Dear Editors,
We thank you for the opportunity to respond to the letter to the editor concerning our article entitled “Predicting residual neurologic deficits using the Spinal Infection Treatment Evaluation score after surgery for thoracic and lumbar spinal epidural abscess: a retrospective study in Taiwan” [
1]. We sincerely appreciate the authors’ careful review of our work and their constructive comments.
First, previous studies have proposed a pathogenetic classification of spinal epidural abscess (SEA) into primary SEA (PSEA) and secondary SEA (SSEA) [
2]. PSEAs arise directly in the epidural space, most commonly in the dorsal region, without vertebral involvement, typically via hematogenous or lymphatic spread. In contrast, SSEAs develop per continuitatem from adjacent infections, such as spondylodiscitis or paravertebral abscesses. In our cohort, both primary and secondary SEAs were included in the analysis. Six of the 45 patients (13.3%) were classified as PSEA due to hematogenous spread, while 39 patients (86.7%) had SSEA secondary to spondylodiscitis. Owing to the limited number of cases, a subgroup analysis comparing outcomes between PSEA and SSEA was not feasible.
Second, we would like to clarify the exclusion criteria of this study. Only de novo thoracic and lumbar SEAs were included. Patients with a history of prior spinal surgery were excluded to avoid confounding from deep surgical site infections. In addition, patients with previously treated spinal infections or recurrent spinal infections were excluded to ensure cohort homogeneity.

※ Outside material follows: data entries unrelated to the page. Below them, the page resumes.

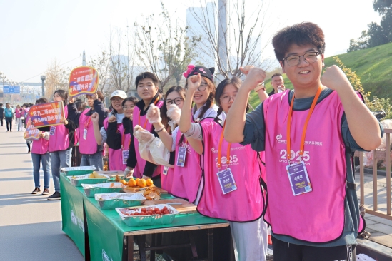 据悉,凌晨4时,首批56名负责收容车与芯片计时的志愿者就已率先出发,分赴全程赛道各计时点位;凌晨5时,第二批志愿者奔赴12.5公里至17.5公里路段,承担饮水补给、海绵降温与医疗保障等任务。
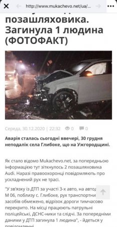Один з закарпатських телеграм-каналів повідомляє, що в позашляховику Audi знаходився син народного депутата з Мукачева. Непрямим доказом цього є те, що публікацію про аварію було розміщено на сайті “Мукачево.нет”, а пізніше її видалили з сайту.
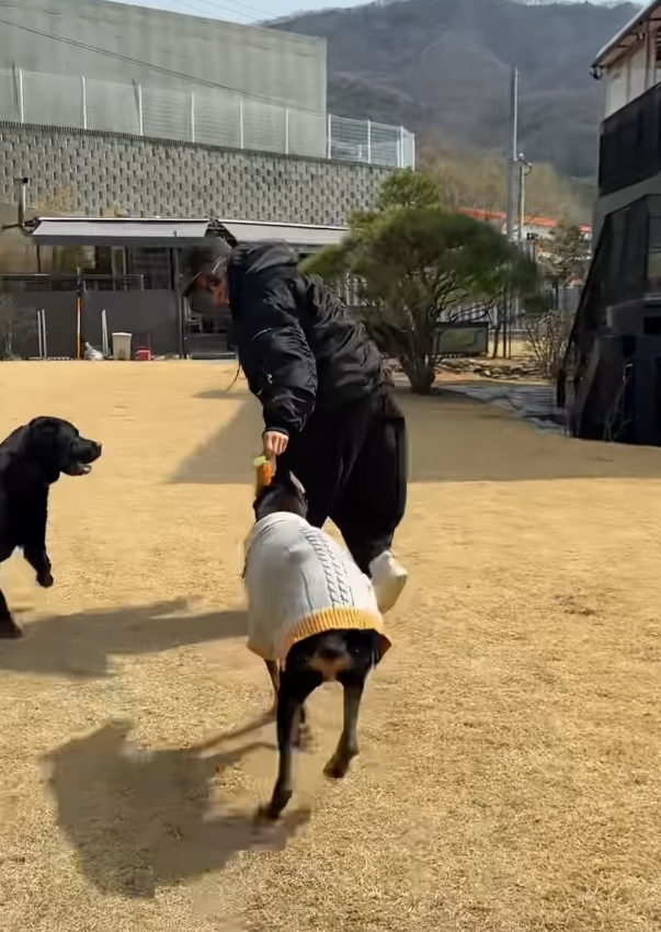 영상에는 야외 공간에서 '삑삑이' 장난감을 가지고 놀고 있는 반려견 벨과 배정남의 모습이 담겼다.
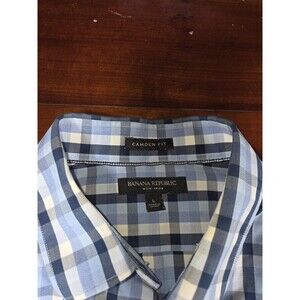 Banana Republic Shirt Men's Large Camden Fit Blue Gingham Plaid Non Iron Cotton
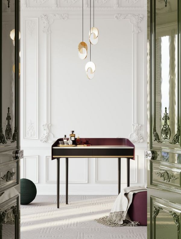 「小钢琴梳妆台」灵感来自于巴塞罗那剧场钢琴独奏和《蒂凡尼的早餐》,钢琴般流畅高贵的造型,精简轻奢的风格,以及意大利进口大理石、头层牛皮等多种高端材质带来的高贵的质感,将西方美学完美融入到了中国现代生活家居设计中。
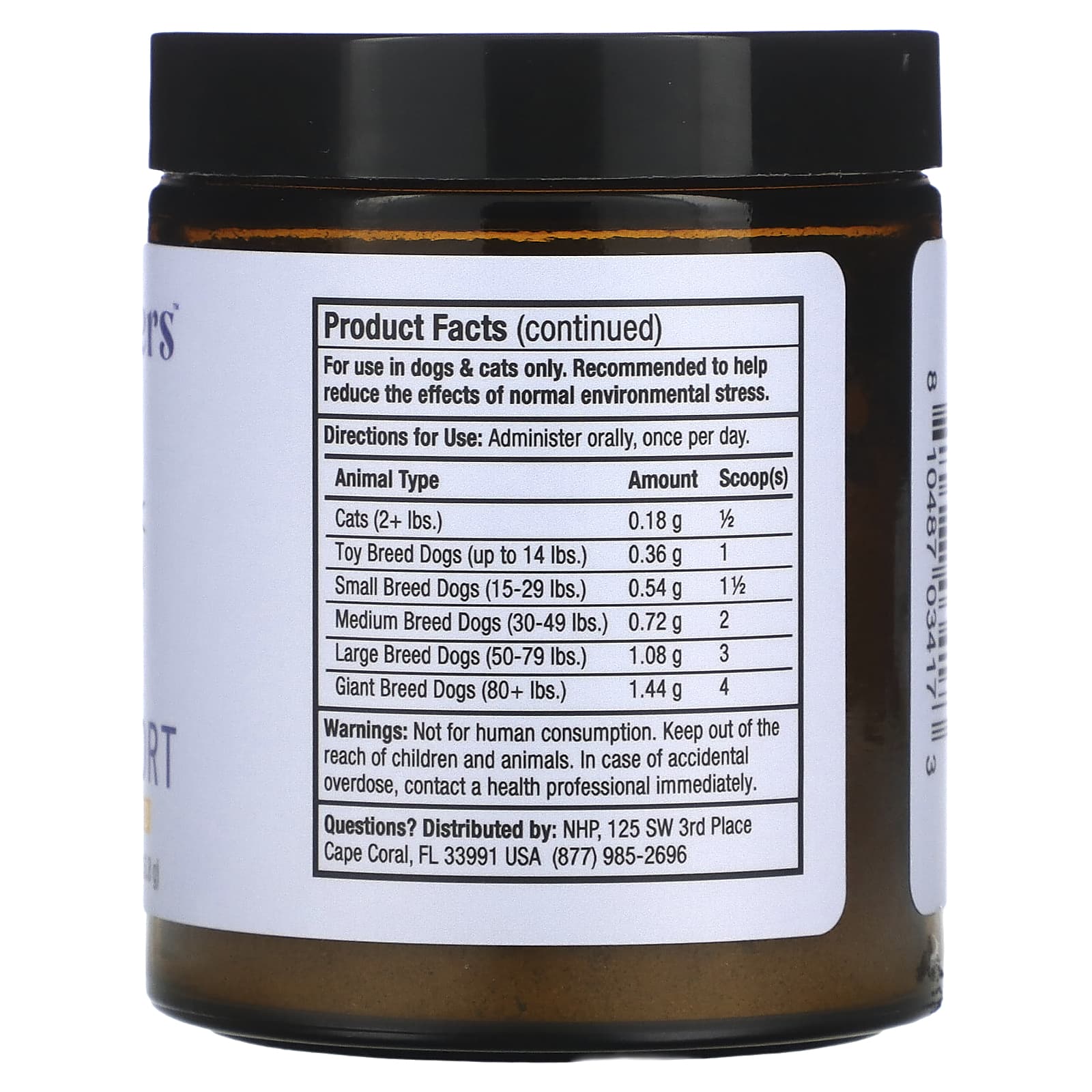 Если состояние животного ухудшается или не меняется в лучшую сторону, необходимо прекратить прием продукта и обратиться к ветеринару. Безопасность использования для беременных и предназначенных для разведения животных не доказана. Не используйте эту добавку, если ваш питомец принимает ингибиторы МАО или седативные препараты.
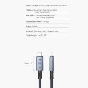 Cabo USB4.0 Tipo-C 240W 40Gbps
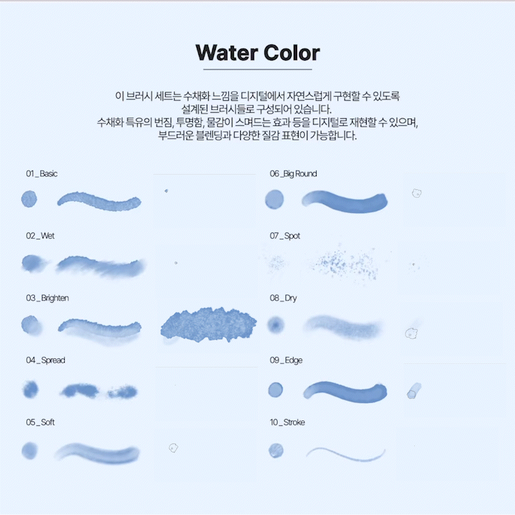 ✅ 包含湿润感(Wet)和干燥感(Dry)的多种画笔
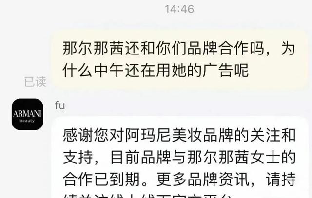 阿玛尼美妆回应,跟那尔那茜合约已经到期。
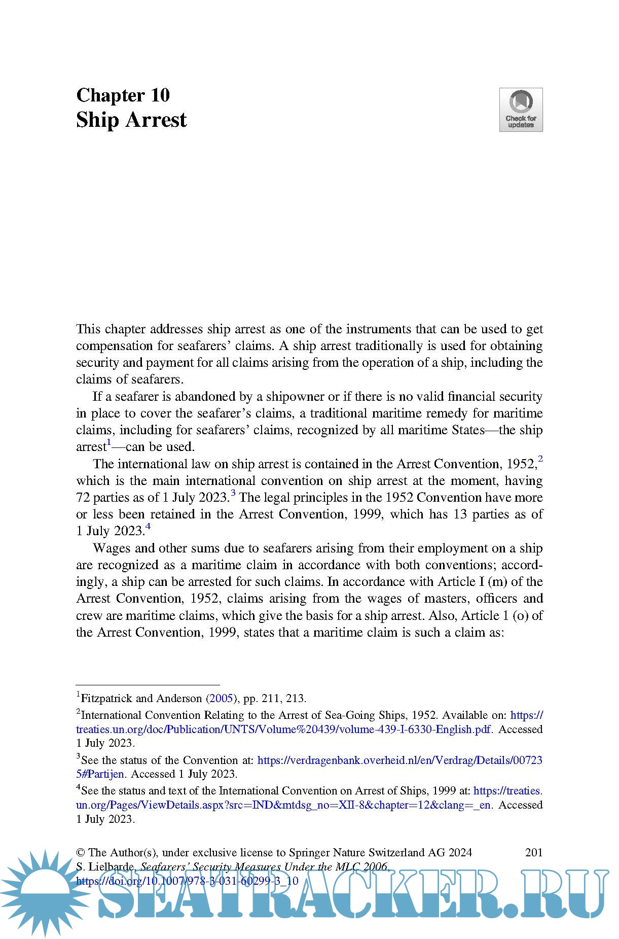 Year: 2024 Language: English Author: Sandra Lielbarde Genre: Textbook Publisher: Springer Edition: 1st (Kindle edition) ISBN: 9783031602986 Format: PDF Pages count: 220 Description: The book is intended to be about the Maritime Labour Convention 2006 (MLC 2006), about seafarers' security measures available before MLC 2006 and after its adoption. The following security measures will be addressed in the book: mandatory financial security established by the MLC 2006, flag State responsibility, labour supplying responsibility, port State control, and a ship arrest. The responsibility of the shipowner in respect of the seafarers engaged in work on his ship will be discussed in analysis of nowadays seafarers' recruitment process and a legal structure of shipping companies. Content will include the analysis of international (UNCLOS, ILO and IMO conventions, UNCCRO's, and Vienna Convention on Consular Relations 1963) and national law (Denmark, Estonia, Finland, Germany, Latvia, Norway, The Philippines, and The UK), and relevant legal documents - agreements, guidelines, and court cases.

Third, all included patients underwent posterior-only surgical intervention. Surgical indications included the presence of neurological deficits or mechanical instability. Surgical procedures consisted of posterior decompression with or without instrumented fusion. For patients with PSEAs without spinal instability, posterior decompression alone was performed. For patients with SSEAs accompanied by vertebral destruction, we uniformly applied long-segment posterior instrumentation (two levels above and two levels below the infected segment) combined with short-segment posterolateral fusion (one level above and one level below), following our previously published surgical protocol [
3]. We believe that this strategy provides effective infection control, correction of kyphotic deformity, and maintenance of spinal alignment. Notably, no patient in our cohort underwent short-segment instrumentation alone.
We hope that these clarifications adequately address the concerns raised and further strengthen the interpretation of our findings.